Ein System, das bei genauer Betrachtung völlig absurd ist:

  • Pro suggeriert „professionell“ – und degradiert damit das Basismodell zum „Amateur“.

  • Max bedeutet maximal – außer es kommt noch etwas darüber.

  • Ultra heißt extrem – und entwertet damit alles darunter.

Das Produkt wird nicht besser erklärt.

Der Käufer fühlt sich besser eingeordnet.

Apple verkauft keine Funktionen.

Apple verkauft Hierarchien.

Und ein psychologischer Klassiker hilft dabei:

Bei drei Preisstufen wählen 66–75 % der Menschen die Mitte.

Nicht billig sein. Nicht dumm teuer wirken.

Das mittlere Modell ist kein technisches Produkt.

Es ist ein psychologisches.

Die Inflation der Sprache

Wenn Superlative selbst explodieren

Ein GAU ist der „größte anzunehmende Unfall“.

Dann kam der Super-GAU.

Grammatikalisch Unsinn – emotional wirksam.

Dasselbe Prinzip in Arbeitszeugnissen:

„zur vollen Zufriedenheit“ → Note 3

„zur vollsten Zufriedenheit“ → Note 2

„stets zur vollsten Zufriedenheit“ → Note 1

“Zur vollsten?” 

Wir steigern Dinge, die nicht steigerbar sind.

Ergebnis:

Sprache verliert Bedeutung.

Wertungen verlieren Schärfe.

Mittelmaß bekommt Bestnoten.

Mehrwort statt Mehrwert

Warum alles Deluxe, Mega und Premium heißt

Das Muster ist immer gleich:

Worte ersetzen Qualität.

Narrative ersetzen Substanz.

Behauptung ersetzt Differenzierung.

Wir leben nicht im Zeitalter des Premiums.

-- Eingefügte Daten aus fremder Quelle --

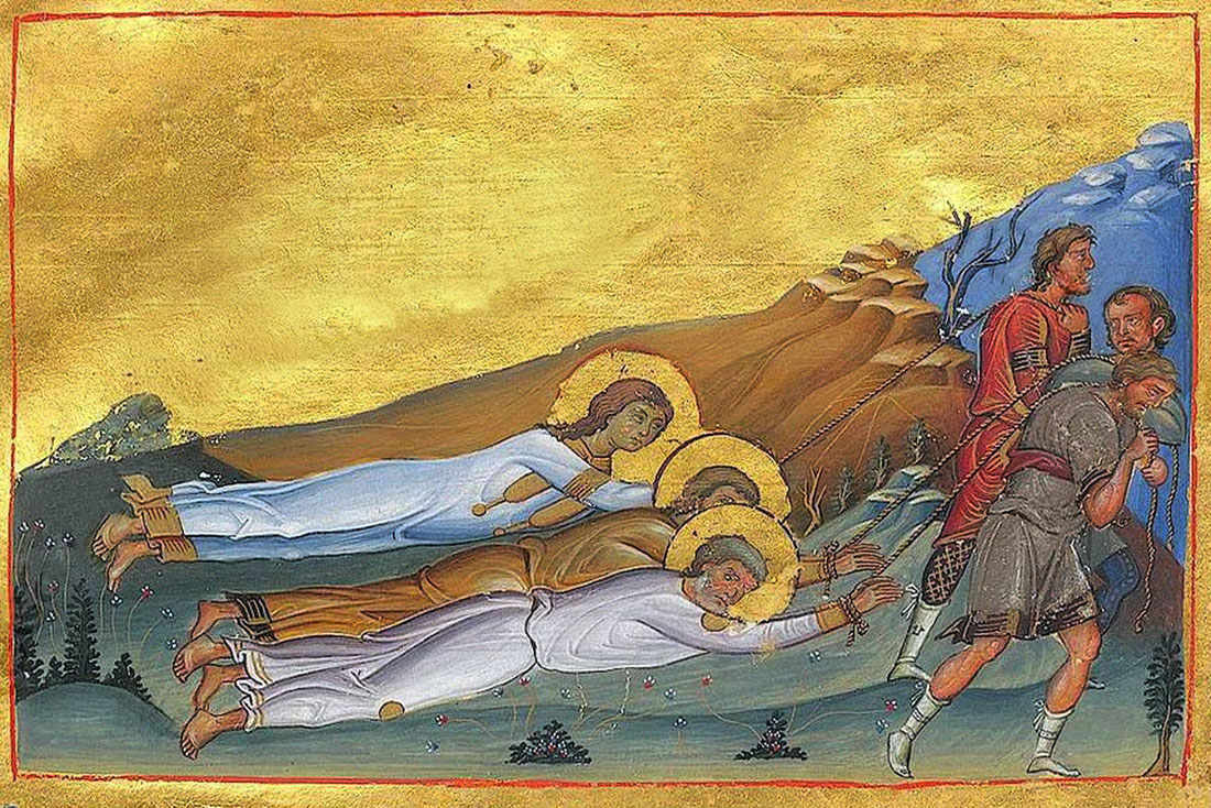 Подпись к иллюстрации: Мчч. Марк, Сотерих и Валентина Фиваидские. Миниатюра Минология Василия II (Константинополь, 985 г.). Ватиканская библиотека, РимЭта иллюстрация использована на страницах:
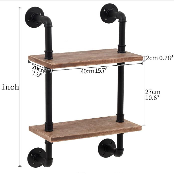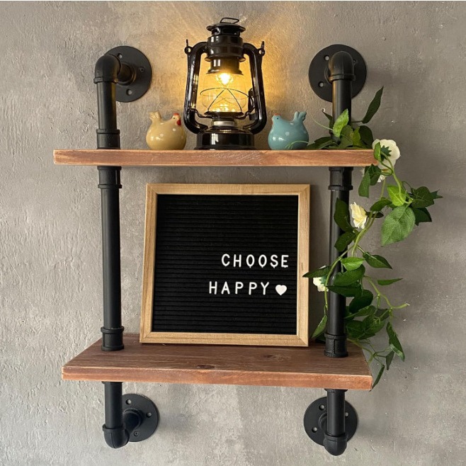 국경 간 산업 파이프 플로팅 욕실 선반 소박한 나무 사다리 책장 벽걸이 형 소박한 나무 선반 거실 장식 선반
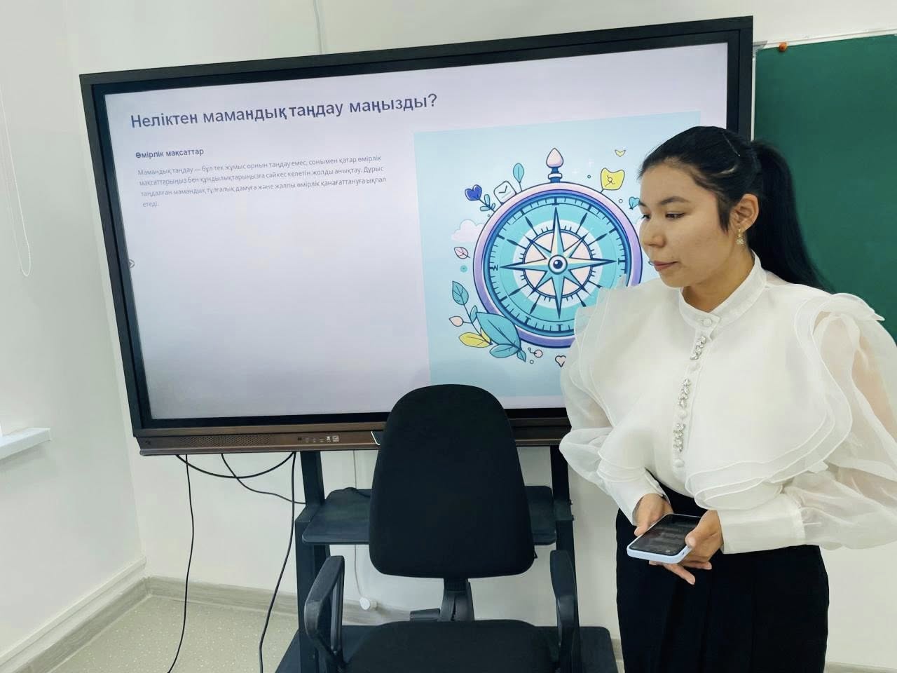 Шымкент қаласы білім басқармасына қарасты Ө.Жолдасбеков атындағы №9 ІТ лицейінде «АДАЛ АЗАМАТ» бірыңғай тәрбие бағдарламасының жылдық жұмыс жоспарына сәйкес 11-сынып оқушыларымен кәсіптік бағдар беру бағытында түсіндірме жұмыстары жүргізілді.
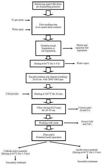 - Kim, S.; Bang, J.; Yoo, J.; Shin, Y.; Bae, J.; Jeong, J.; Kim, K.; Dong, P.; Kwon, K. A Comprehensive Review on the Pretreatment Process in Lithium-Ion Battery Recycling. J. Clean. Prod. 2021, 294, 126329. [Google Scholar] [CrossRef]
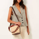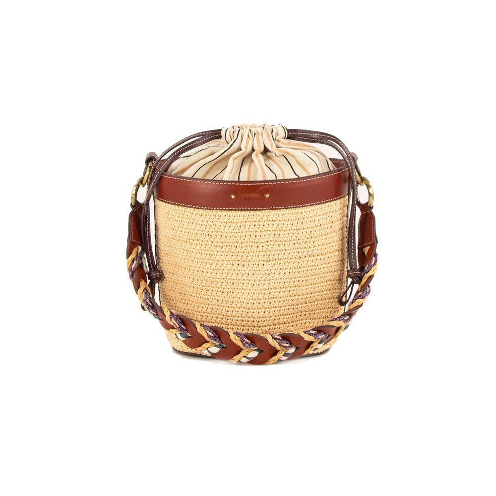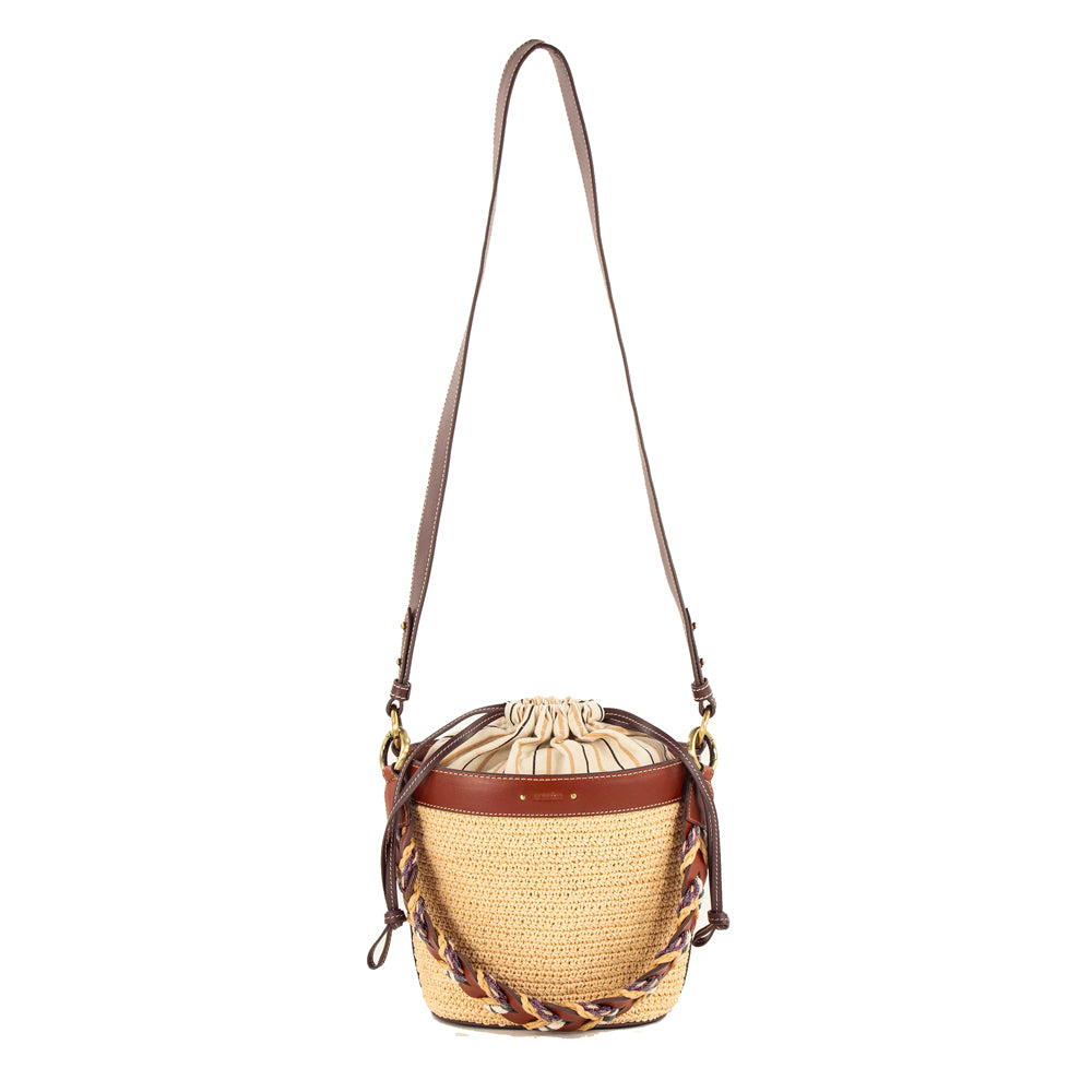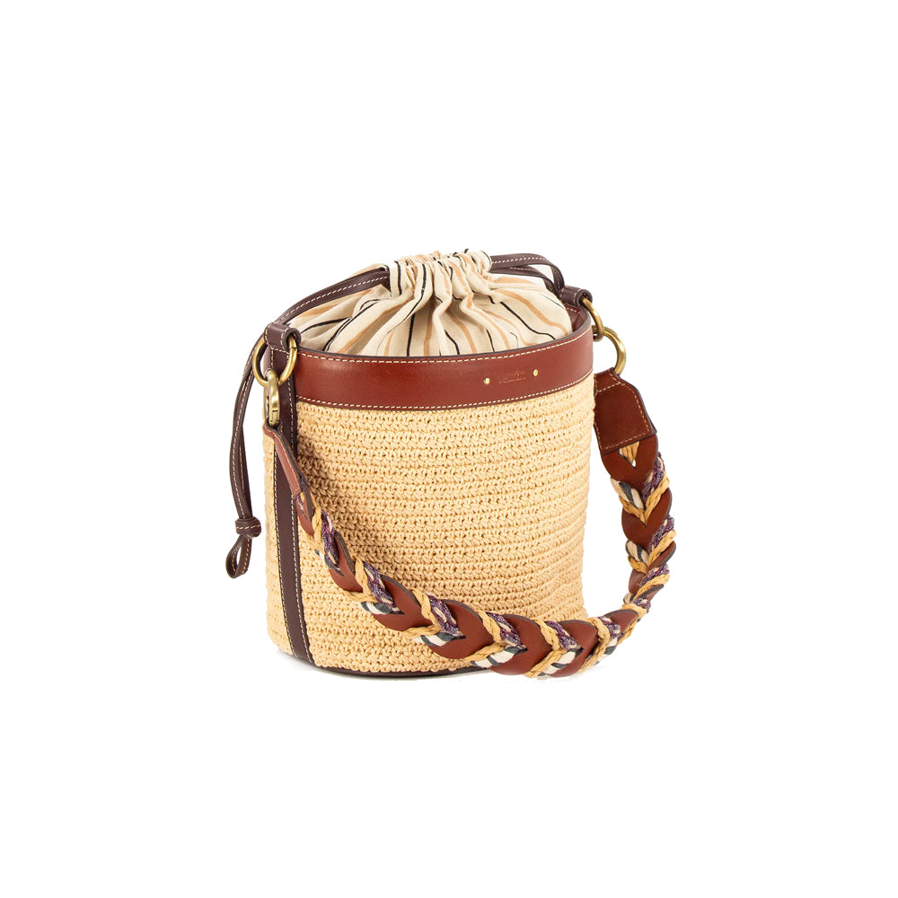 Sac Sessun mélangeant plusieurs matières : corps en tressage de coton ciré et empiècements en cuir. Une bandoulière cuir et une anse fantaisie tressée de cordes et raphia.
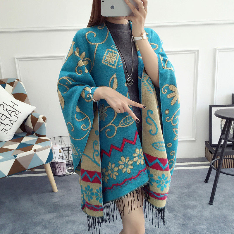 Bifacial oversized national wind cape Shoulder Scarf Cloak Cape Shawl Jacket Lady Autumn Winter Thickened Shawl Lady Winter Cloister
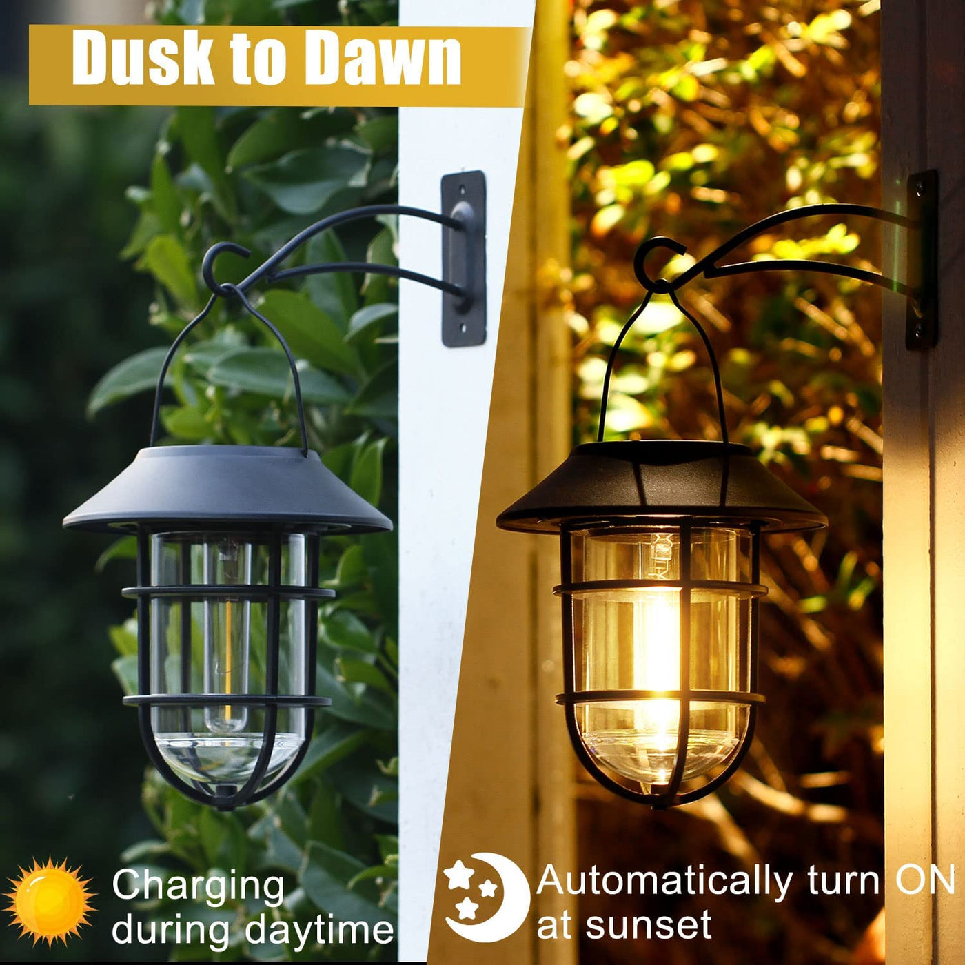 Solar Lantern Outdoor Hanging Solar Lights, Waterproof Metal Solar Outdoor Lights With Clear Glass, Led Edison Bulbs Decorative Wall Lantern With Hooks, No Wiring Required, 2 Pack
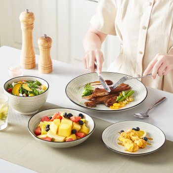 24-Piece Black Ceramic Dinnerware Set – Plates, Bowls & Soup Plates
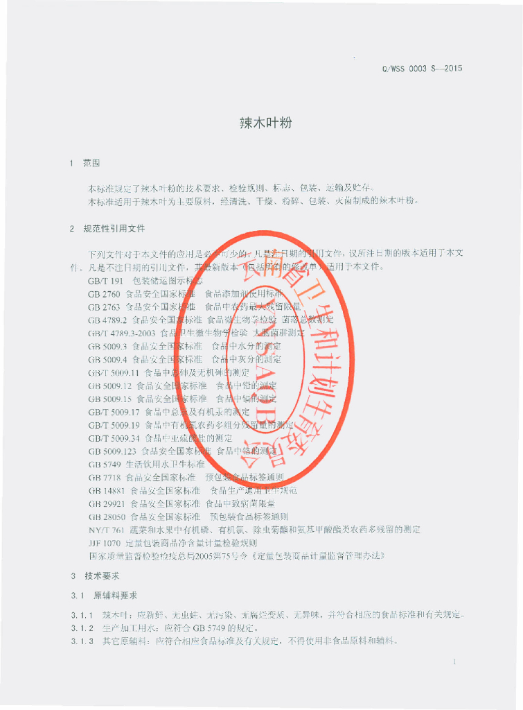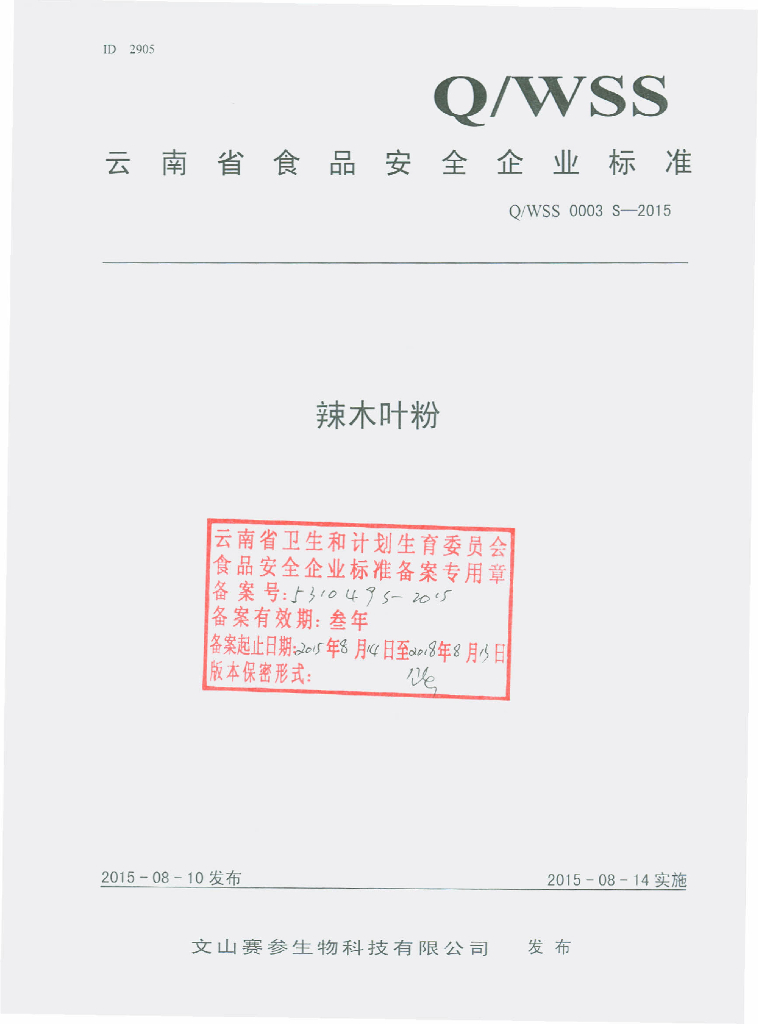 Q/WSS 0003S-2015 文山赛参生物科技有限公司 辣木叶粉
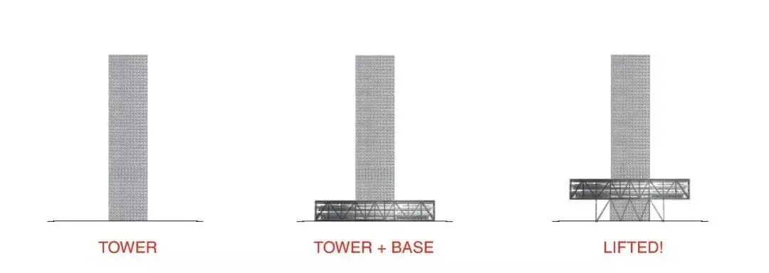 从图上可以看到,设计的原型来自一栋无异于任何办公大楼的通用形式,但库哈斯增加了基座并抬升,就为城市人群提供了一个可休憩、聊天的公共场所,为人群活动提供空间。
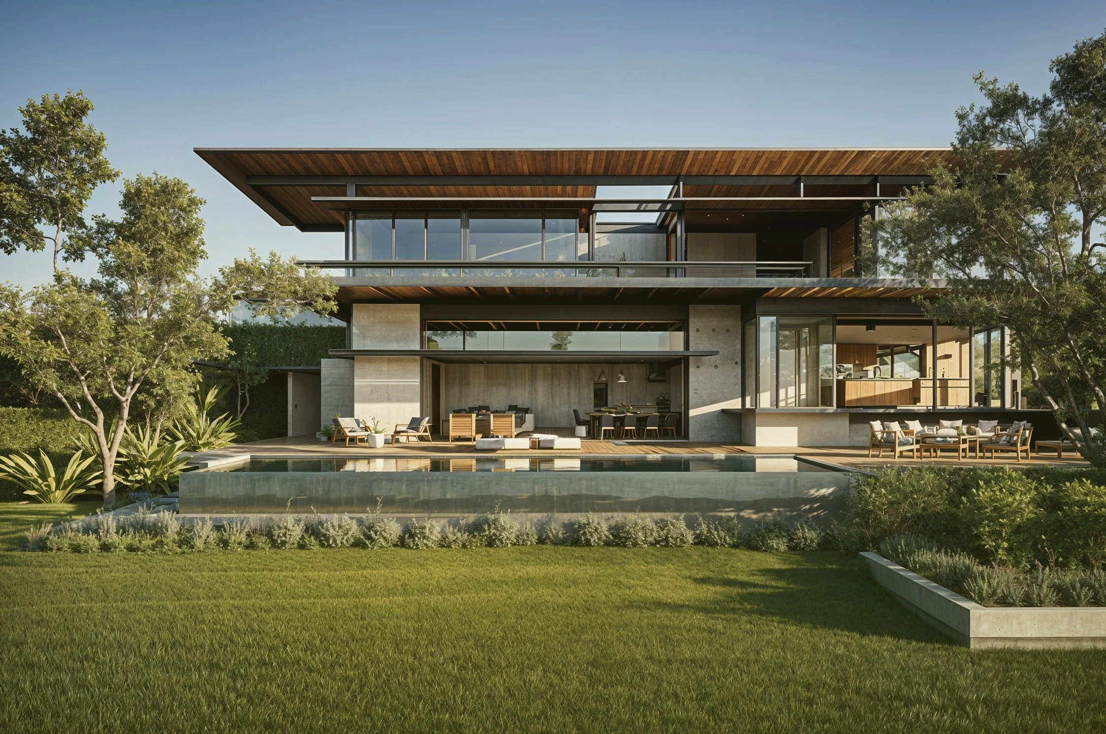 The ground floor dissolves into expansive terraces and a sunlit pool deck, blurring the boundary between interior and exterior. Materials remain honest and timeless: smooth concrete walls, warm timber ceilings, and generous glazing that breathes with the changing light.
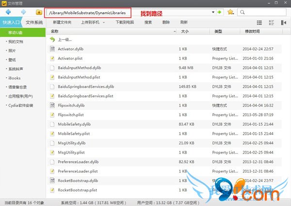 3.打开91助手文件管理,找到路径/Library/MobileSubstrate/DynamicLibraries,将下载好的文件解压缩,放入该路径。
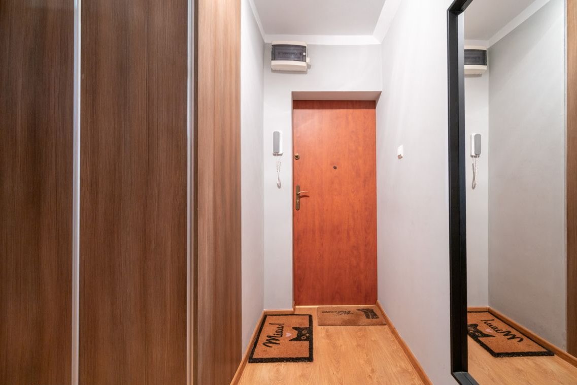 Na 11. piętrze zadbanego budynku przy ul. Wawelskiej znajduje się mieszkanie o powierzchni 59,7 m², do którego prowadzi oddzielna, zamykana klatka schodowa. Dostęp mają jedynie właściciele dwóch mieszkań, co gwarantuje wyjątkową prywatność i spokój — rzadko spotykany atut w budownictwie wielorodzinnym.
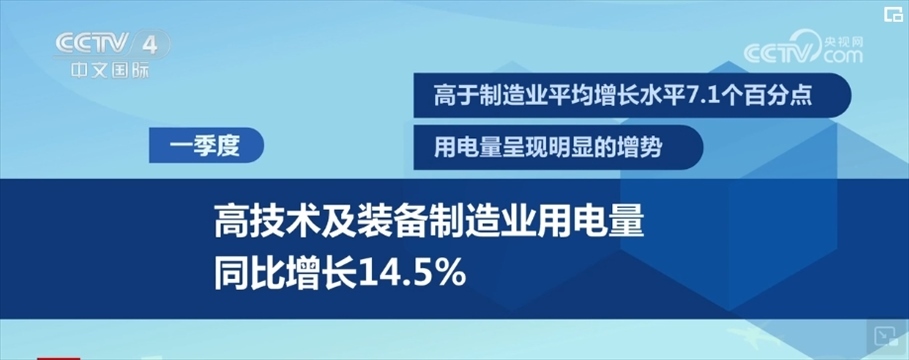 從行業(yè)看,一季度,高技術(shù)及裝備制造業(yè)用電量同比增長14.5%,高于制造業(yè)平均增長水平7.1個(gè)百分點(diǎn),用電量呈現(xiàn)明顯的增勢。
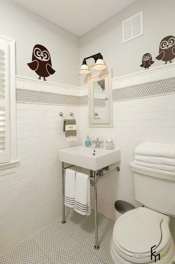 Не счесть количество дизайн-проектов утилитарных помещений, в которых принимала участие белоснежная плитка «метро» с аналогичной затиркой. Окантовка с помощью мозаичной плитки, использованной и для облицовки пола, и анималистические изображения разбавили светлую палитру санузла.
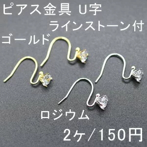 ピアス金具 U字 ラインストーン付 14×16mm 1ペア(2個入)
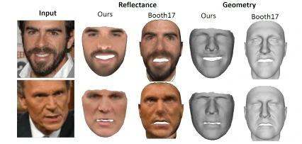 - 研究者把面部分解成了反照率、三维几何形状和光照这三个特征,再进行组合重建。通过图6和图9观察知该方法和其它现有方法的相比较,从图中的效果看来,除了用该方法得到的图片的还原度不高以外,其相对于其它方法相比可以更好地分离反照率、三维几何形状和光照这些不同的特征。同时,该模型合成的各种特征都能很好地贴合面部,不受侧面视角影响。
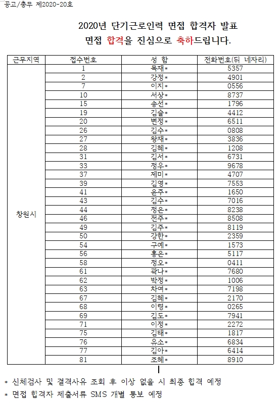공고/총무 제2020-20호 2020년도 단기근로인력(3개월) 면접합격자 발표 페이지 정보 작성자 경남신용보증재단 댓글 0건 조회 2,582회 작성일 20-03-30 20:48 본문 . 목록 이전글공고/총무 제2020-21호 2020년도 단기근로인력(육아휴직대체자) 채용 공고 20.04.13 다음글공고/총무 제2020-18호 2020년도 단기근로인력(3개월) 채용 서류전형 합격자 및 면접대상자 발표 20.03.26

Wir leben im Zeitalter des vorgespielten Premiums.

Je häufiger etwas „edel“, „gourmet“ oder „ultra“ genannt wird,

desto weniger Bedeutung hat das Wort.

Die Wahrheit:

Wir konsumieren keine Qualität.

Wir konsumieren Etiketten.

Die eigentliche Absurdität

Premiumprodukte müssen nichts sagen.

Billigprodukte brauchen eine ganze Sprache.

Das Wort „Premium“ existiert nur,

weil das Produkt es nicht ist.

Gute Produkte kommunizieren wenig – und wirken viel.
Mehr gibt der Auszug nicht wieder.